Удивило постоянное чувство несоответствия, которое сопровождало меня во время пребывания в этом городе. Мне всё время казалось, что всё вокруг чему-то не соответствует. Люди не подходят к домам. Дома к людям. Вывески рекламы диссонируют с городом. Город с вывесками. Звуки были чужды тем объектам, которые эти звуки порождали. Природа расходилась с домами, транспорт с улицами. Всё что-то не так. И это как в сказке, когда ты понимаешь, что всё тут то же самое, но что-то не так совсем. Яблоко — оно тоже яблоко, только молодильное, вода — как вода, только живая, а животные — вроде простые, только разговаривают.

Поехал на Балтику. Смотреть прибой, дышать морским запахом, кидать камушки в набегающие волны. Старый немецкий городок Раушен, по-русски Светлогорск. Осенняя жёлтая листва на фоне краснокрыших домов. Пляж, белая пена моря. Торговцы сувенирами и лавки с янтарём. Я бродил по тихим улочкам, думал, сгребал ботинками жёлтую листву. Вдыхал солёный морской ветер и думал: «А почему я тут оказался?» Удивительный, странный, волшебный российский остров, «тридевятое государство». Дурак, совсем.

2010



Грузия без грузин

Когда я пишу «Грузия без грузин», я не имею в виду ничего плохого, это просто мой опыт: за три моих посещения этой страны я ни разу нормально не пообщался с местными жителями. Причём это очень интересный феномен, обычно я сразу окунаюсь в страну, погружаюсь в её быт, знакомлюсь с людьми, начинаю учить первые слова на местном языке, ем национальную еду и сплю в гостях. А тут всё как-то по-другому. В первое моё посещение этой страны я заехал в Тбилиси поздно вечером — общался с прибалтами, переночевал у них, а потом, погостив, поймал иранскую машину и уехал в следующую страну — Турцию. Второй раз, заехав в страну с русскими, я поселился у американца в Тбилиси, а потом уехал на машине с армянами до Армении. Третий раз — что-то похожее. Вот и вся Грузия. Но вот что интересно, я очень полюбил эту страну. Как будто эта та страна, которая не позволяет себя изучать с наскока, быстро. Она требует особого внимания. Страна степенная и очень гордая, которая так просто не сдаёт своих интересностей в первый же день знакомства. И сейчас это одна из тех стран, в которую мне хочется приехать ещё раз, для того чтобы побыть тут побольше. Эта страна, которую я не знаю, но при этом с чистой совестью рекомендую своим знакомым поехать сюда. Я знаю, что им понравится.

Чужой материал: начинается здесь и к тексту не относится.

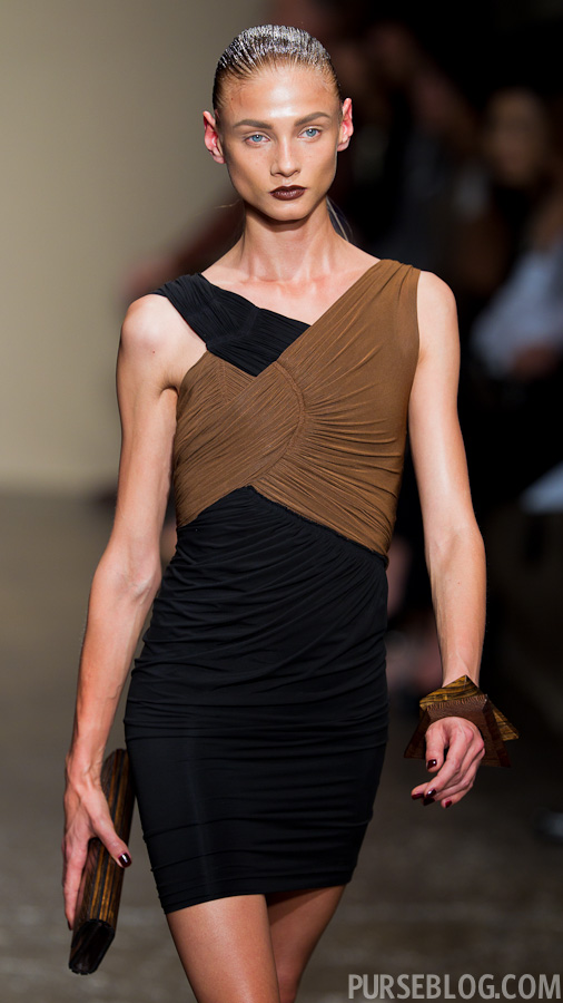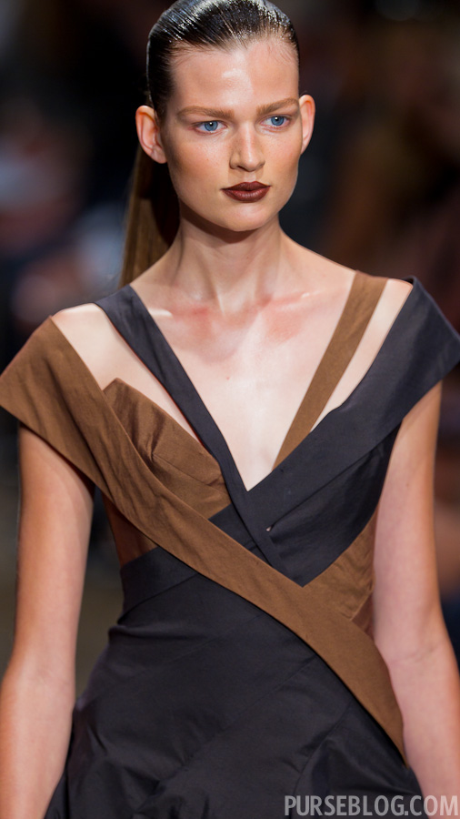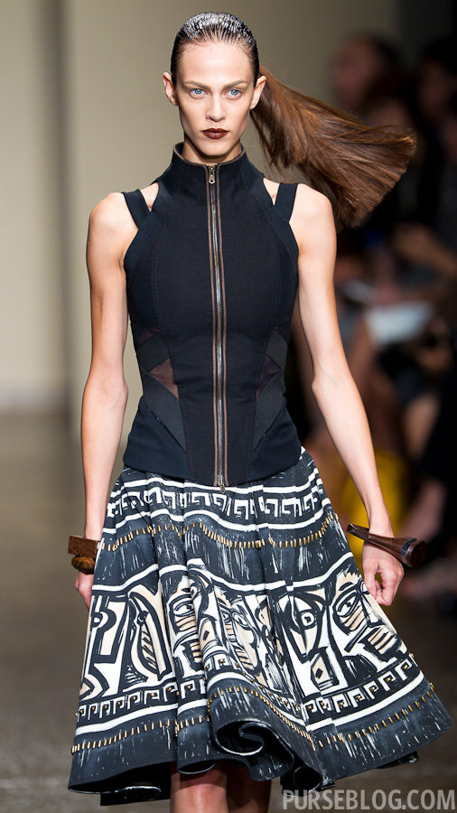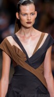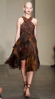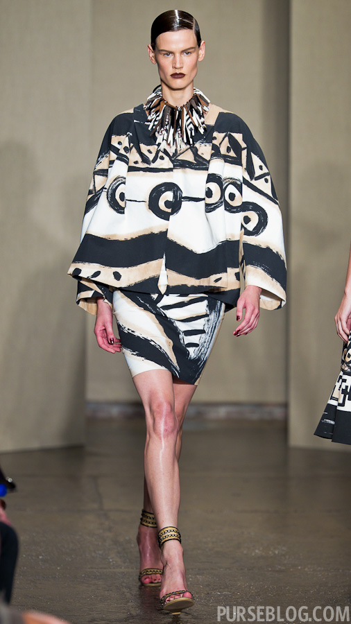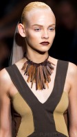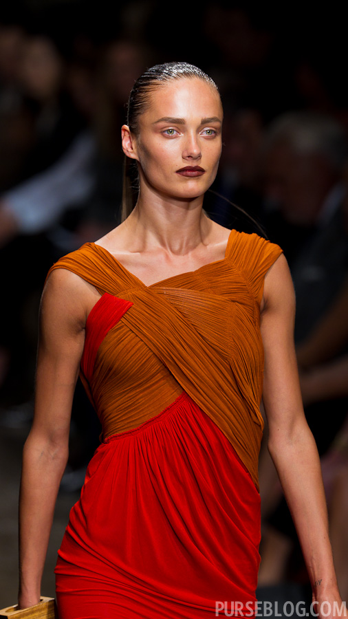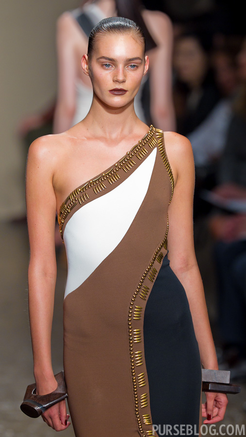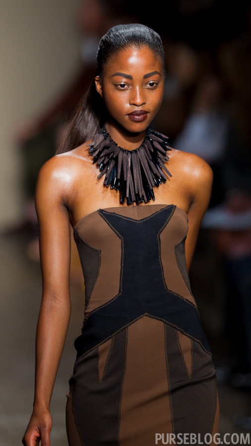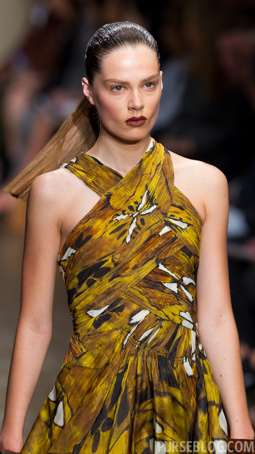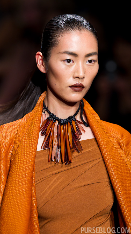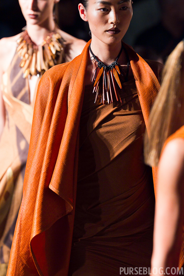 The more Mercedes-Benz Fashion Week New York shows I attend, the more easily I can separate the amazing from the merely good, and Donna Karan Spring 2012 was amazing. If I had to choose one word to describe the collection, it would be “tribal.” From the music that filled the space to every detail, we were shown a modern and subdued take on a tribal theme. Of course Donna Karan, who is known for her draping, integrated her defining style throughout the collection, yet we got more color and prints than usual. While Donna’s February show for Fall 2011 was comprised of muted neutrals, this line provided eye-catching patterns that kept true to Donna’s aesthetic while also adding statement pieces.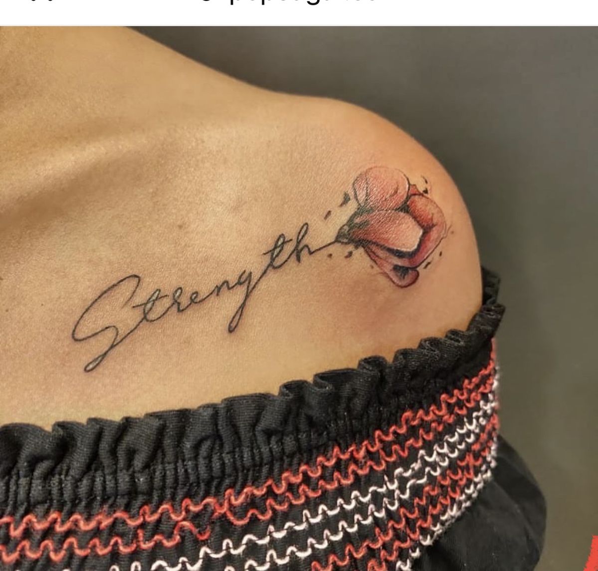 In terms of trends, colored script tattoos have been growing in popularity, especially among people searching for fresh tattoo ideas that break away from the usual black ink look. The clean script keeps the tattoo Feminine while the striking color adds attitude. For anyone exploring strength tattoo ideas for men or women that feel unique, this design offers a confident and stylish alternative.

Мы знаем про Грузию гораздо меньше, чем это кажется на первый взгляд. Вроде бы общая советская история с этой страной, вроде бы большое количество грузин, которых можно встретить в России, минеральная вода «Боржоми» да грузинское вино в магазинах. Я уж и не говорю про хачапури в разных общепитах и о фильмах, в которых звучит слово «Генацвале!», точный смысл которого я узнал лишь в этом году. И всё? Что ещё? А, ну да, это сегодняшняя политическая обстановка, обострение отношений между нашими странами и война с Южной Осетией и Абхазией, про которые многие наши граждане тоже знают лишь понаслышке.

Грузия сейчас очень открыта в сторону запада, гораздо больше, чем в сторону России — многие учат английский язык, вывески пишутся на грузинском и английском. И даже туристический лозунг Грузии — «Europa started here» («Европа началась тут») — как бы указывает новый курс этой страны. Общая прибранность и реформа полиции сделала Грузию очень приятной для путешествий. Сотрудники правоохранительных органов тут никогда не спросят документов, до тех пор, пока ты что-нибудь не нарушишь. Для постсоветских полицейских стран это важнейшее нововведение, которое сразу улучшает туристический климат.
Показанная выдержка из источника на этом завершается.